Work task — Give again, exactly as written, the lines of the records below from the line with "同学们循着展陈脉络、在讲解员" to the line with "宏福苑11月26日發生五級大". Both end lines count; pictures do not.

Given data —
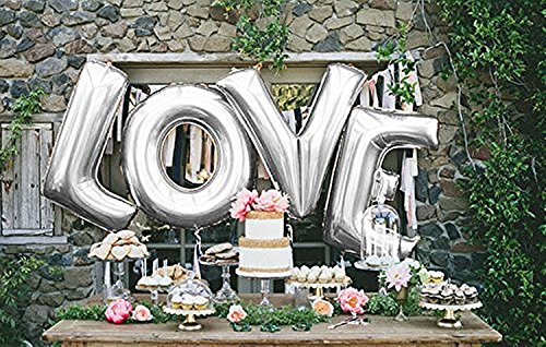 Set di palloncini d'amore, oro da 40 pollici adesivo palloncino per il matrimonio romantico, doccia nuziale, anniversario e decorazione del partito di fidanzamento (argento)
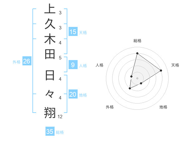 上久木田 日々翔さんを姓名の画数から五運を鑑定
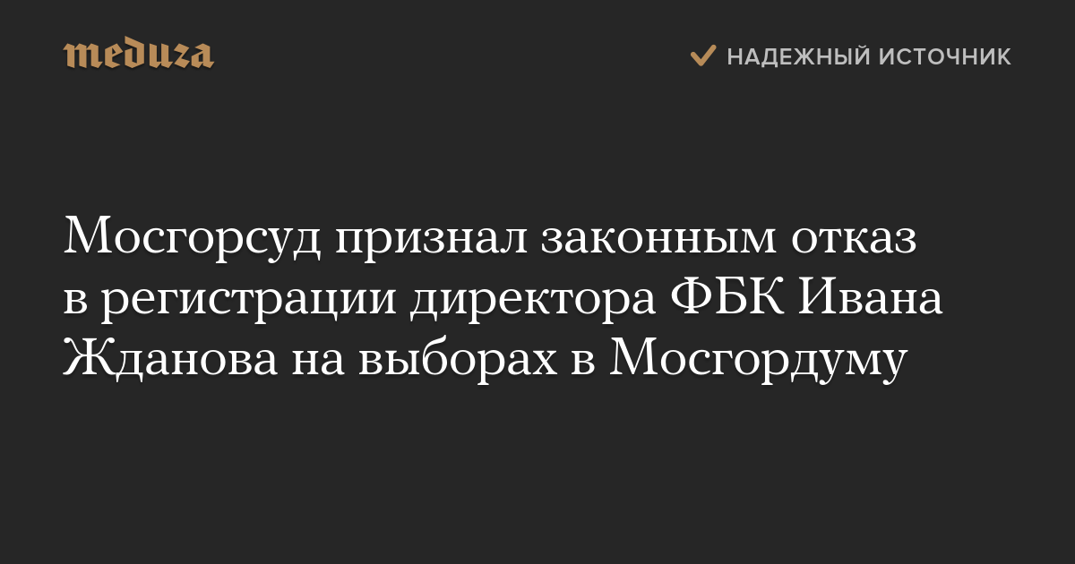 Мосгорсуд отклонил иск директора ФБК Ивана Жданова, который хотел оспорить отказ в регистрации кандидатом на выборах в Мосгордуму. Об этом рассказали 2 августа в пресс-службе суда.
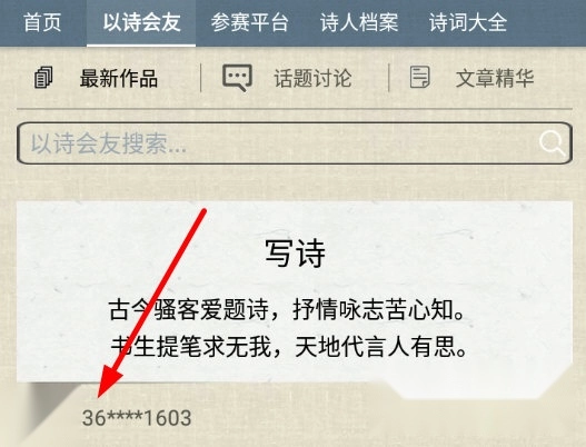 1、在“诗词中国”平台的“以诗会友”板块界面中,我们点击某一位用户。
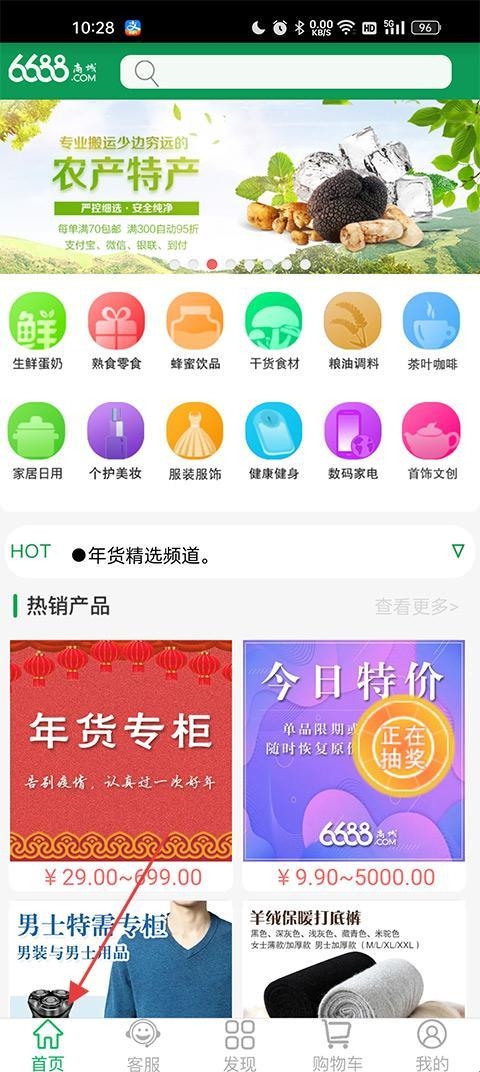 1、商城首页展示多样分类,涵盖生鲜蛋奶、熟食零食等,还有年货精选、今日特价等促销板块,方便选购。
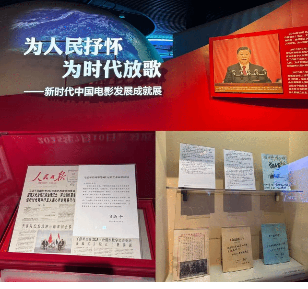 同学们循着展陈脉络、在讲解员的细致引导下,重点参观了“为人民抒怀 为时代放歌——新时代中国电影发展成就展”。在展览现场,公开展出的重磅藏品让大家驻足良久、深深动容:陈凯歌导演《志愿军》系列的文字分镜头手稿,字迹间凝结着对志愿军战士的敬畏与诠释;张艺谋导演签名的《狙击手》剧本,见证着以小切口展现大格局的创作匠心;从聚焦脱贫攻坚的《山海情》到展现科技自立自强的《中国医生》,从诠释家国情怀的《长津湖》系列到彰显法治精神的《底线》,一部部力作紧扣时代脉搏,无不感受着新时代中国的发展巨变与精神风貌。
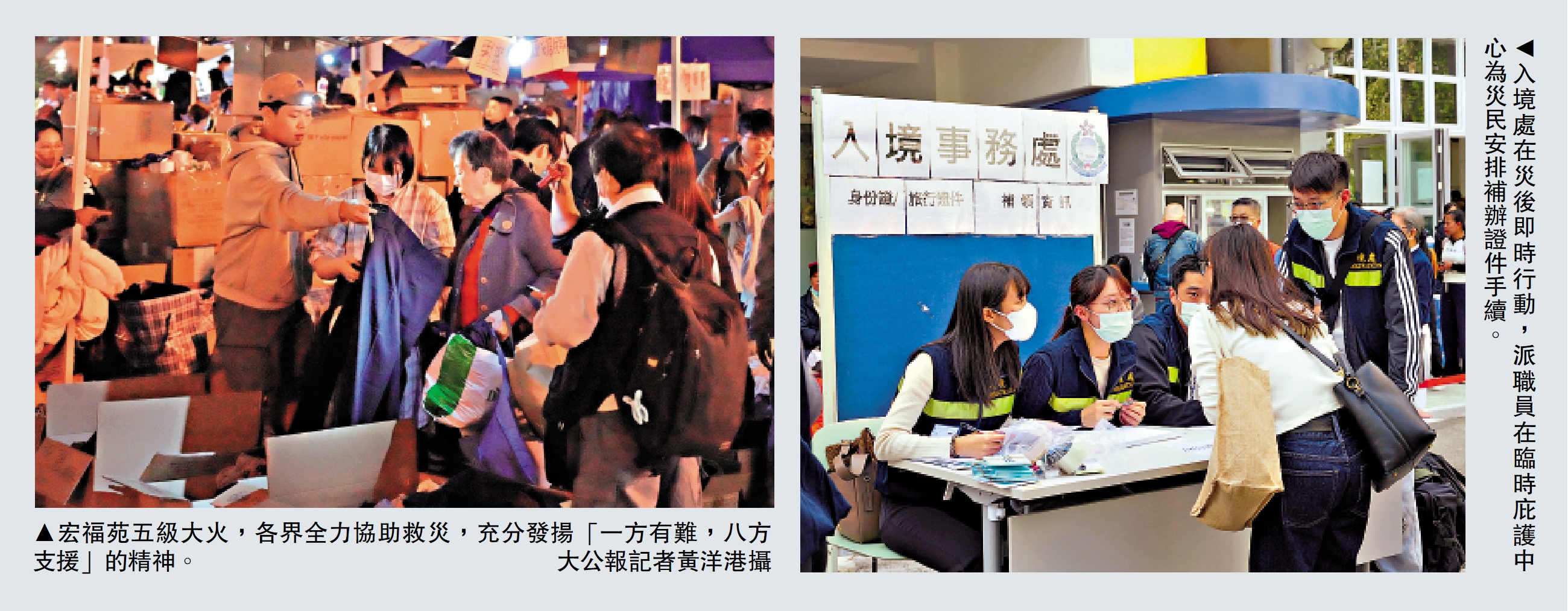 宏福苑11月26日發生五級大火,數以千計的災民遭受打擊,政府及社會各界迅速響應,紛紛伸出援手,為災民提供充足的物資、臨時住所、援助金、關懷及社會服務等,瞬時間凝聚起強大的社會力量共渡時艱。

...

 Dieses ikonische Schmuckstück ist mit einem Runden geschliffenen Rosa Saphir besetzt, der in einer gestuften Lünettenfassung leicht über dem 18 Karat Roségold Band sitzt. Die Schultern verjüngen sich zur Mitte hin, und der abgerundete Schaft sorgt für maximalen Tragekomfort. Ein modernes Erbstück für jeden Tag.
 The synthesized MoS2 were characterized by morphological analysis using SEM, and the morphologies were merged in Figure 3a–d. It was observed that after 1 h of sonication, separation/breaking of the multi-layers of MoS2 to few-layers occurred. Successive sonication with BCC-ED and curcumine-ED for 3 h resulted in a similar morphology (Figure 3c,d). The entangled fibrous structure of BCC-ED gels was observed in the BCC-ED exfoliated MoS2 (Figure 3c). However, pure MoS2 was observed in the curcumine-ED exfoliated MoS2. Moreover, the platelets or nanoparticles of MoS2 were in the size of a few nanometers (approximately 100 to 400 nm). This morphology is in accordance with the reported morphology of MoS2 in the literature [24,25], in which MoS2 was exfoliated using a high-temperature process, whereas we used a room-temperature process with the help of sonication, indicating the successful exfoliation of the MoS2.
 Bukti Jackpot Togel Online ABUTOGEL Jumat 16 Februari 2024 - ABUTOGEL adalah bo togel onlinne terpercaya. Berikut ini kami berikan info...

Result of this exercise —
 同学们循着展陈脉络、在讲解员的细致引导下,重点参观了“为人民抒怀 为时代放歌——新时代中国电影发展成就展”。在展览现场,公开展出的重磅藏品让大家驻足良久、深深动容:陈凯歌导演《志愿军》系列的文字分镜头手稿,字迹间凝结着对志愿军战士的敬畏与诠释;张艺谋导演签名的《狙击手》剧本,见证着以小切口展现大格局的创作匠心;从聚焦脱贫攻坚的《山海情》到展现科技自立自强的《中国医生》,从诠释家国情怀的《长津湖》系列到彰显法治精神的《底线》,一部部力作紧扣时代脉搏,无不感受着新时代中国的发展巨变与精神风貌。
 宏福苑11月26日發生五級大火,數以千計的災民遭受打擊,政府及社會各界迅速響應,紛紛伸出援手,為災民提供充足的物資、臨時住所、援助金、關懷及社會服務等,瞬時間凝聚起強大的社會力量共渡時艱。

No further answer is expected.